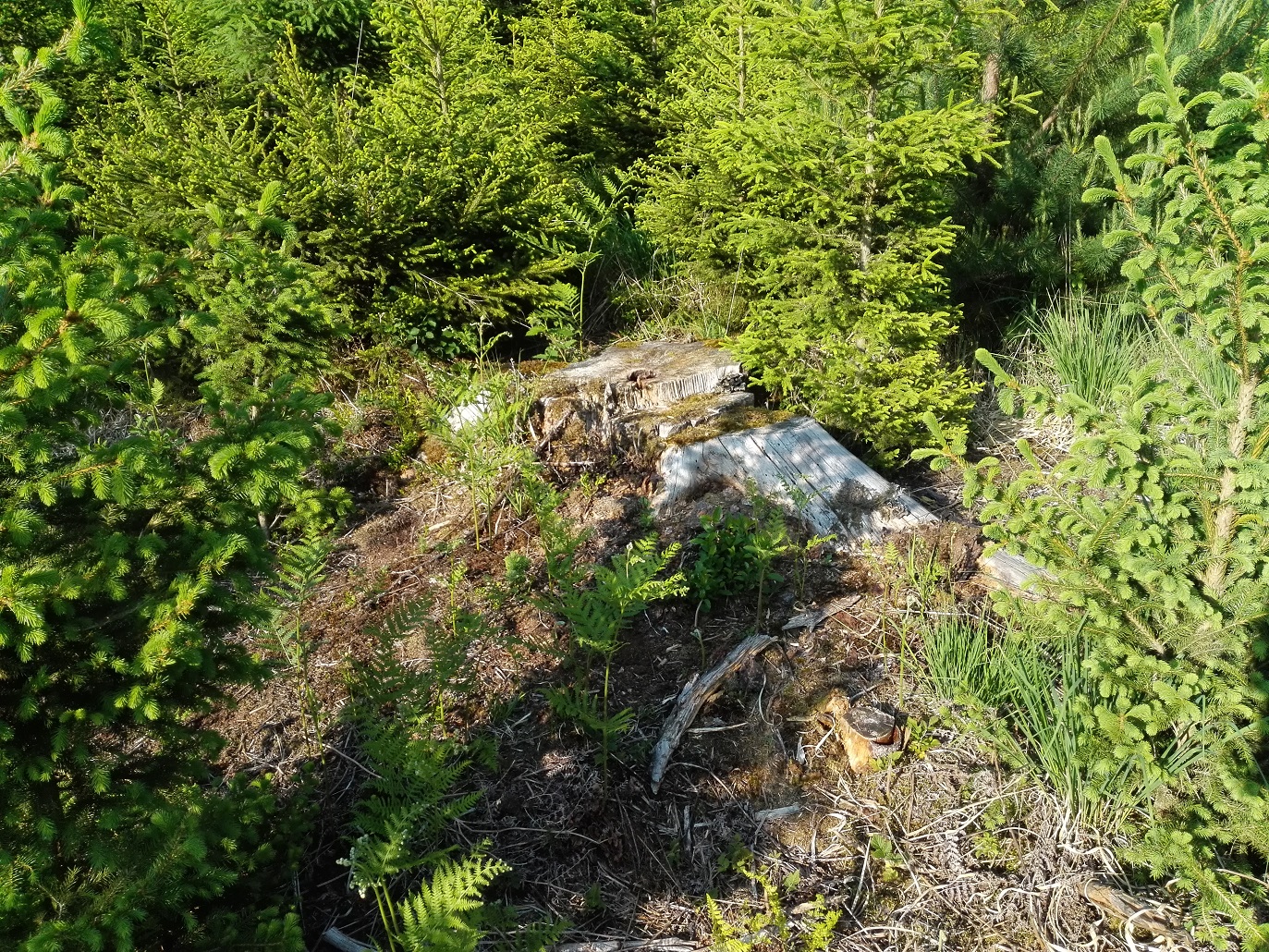 Hier befinde ich mich etwa 80 Meter entfernt auf einer halbsonnigen Lichtung. Dieser Baum wurde wohl vor 4 - 7 Jahren gefällt. Der verbliebene Strunk erscheint mir günstig, da sich noch keine andere Ameisenkolonie angesiedelt hat und andere Strünke etwas entfernt liegen. Das erscheint mir wichtig, da in diesem Wald ca. jeder dritte Strunk eine kräftige Formicakolonie aufweist. (Mischung aus Serviformica, Raptiformica und F.sensu stricto) Eine solch hohe Besatzdichte fand ich bisher in keinem anderen Wald im Umkreis der Gemeinde.
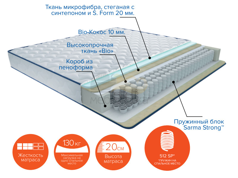 Наполнение: Независимый пружинный блок "Sarma Strong" (512 пружин на спальное место) + Био-кокос 10 мм + микрофибра, стеганая с Орто пеной 20 мм + короб из пеноформа.
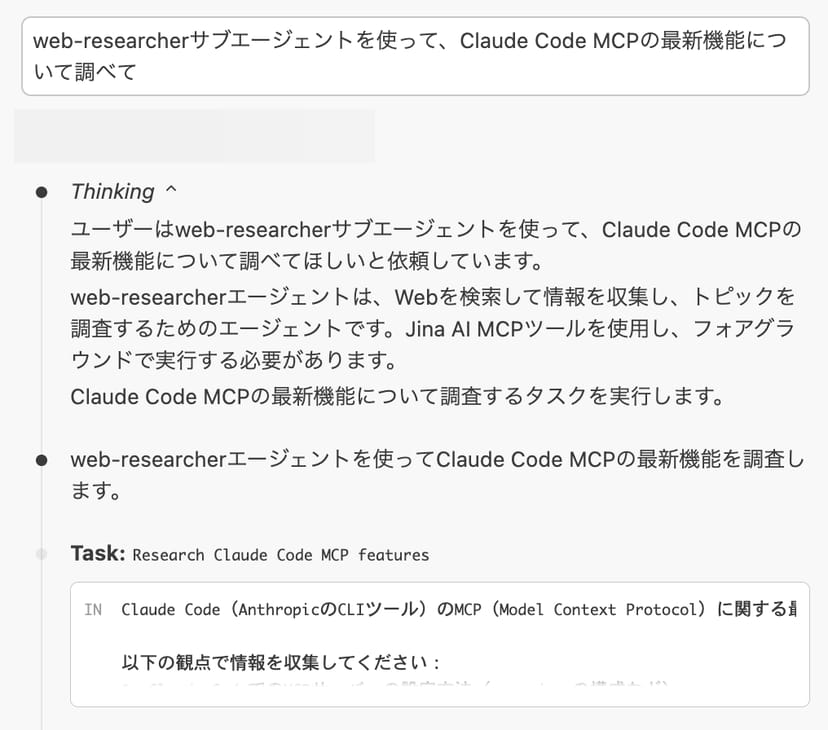 web-researcherサブエージェントを使って、Claude Code MCPの最新機能について調べてClaudeは自動的にこのサブエージェントをフォアグラウンドで起動し、Web検索を実行する。検索結果の詳細はサブエージェントのコンテキストで処理され、メインの会話には要約のみが返される。
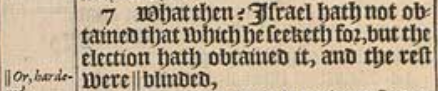 7 What then? Israel hath not obtained that which he seeketh for, but the election hath obtained it, and the rest were || blinded,[|| Or, hardened.]

### Work task
Omit every picture while copying the listing above exactly.

### Answer section
 Hier befinde ich mich etwa 80 Meter entfernt auf einer halbsonnigen Lichtung. Dieser Baum wurde wohl vor 4 - 7 Jahren gefällt. Der verbliebene Strunk erscheint mir günstig, da sich noch keine andere Ameisenkolonie angesiedelt hat und andere Strünke etwas entfernt liegen. Das erscheint mir wichtig, da in diesem Wald ca. jeder dritte Strunk eine kräftige Formicakolonie aufweist. (Mischung aus Serviformica, Raptiformica und F.sensu stricto) Eine solch hohe Besatzdichte fand ich bisher in keinem anderen Wald im Umkreis der Gemeinde.
 Наполнение: Независимый пружинный блок "Sarma Strong" (512 пружин на спальное место) + Био-кокос 10 мм + микрофибра, стеганая с Орто пеной 20 мм + короб из пеноформа.
 web-researcherサブエージェントを使って、Claude Code MCPの最新機能について調べてClaudeは自動的にこのサブエージェントをフォアグラウンドで起動し、Web検索を実行する。検索結果の詳細はサブエージェントのコンテキストで処理され、メインの会話には要約のみが返される。
 7 What then? Israel hath not obtained that which he seeketh for, but the election hath obtained it, and the rest were || blinded,[|| Or, hardened.]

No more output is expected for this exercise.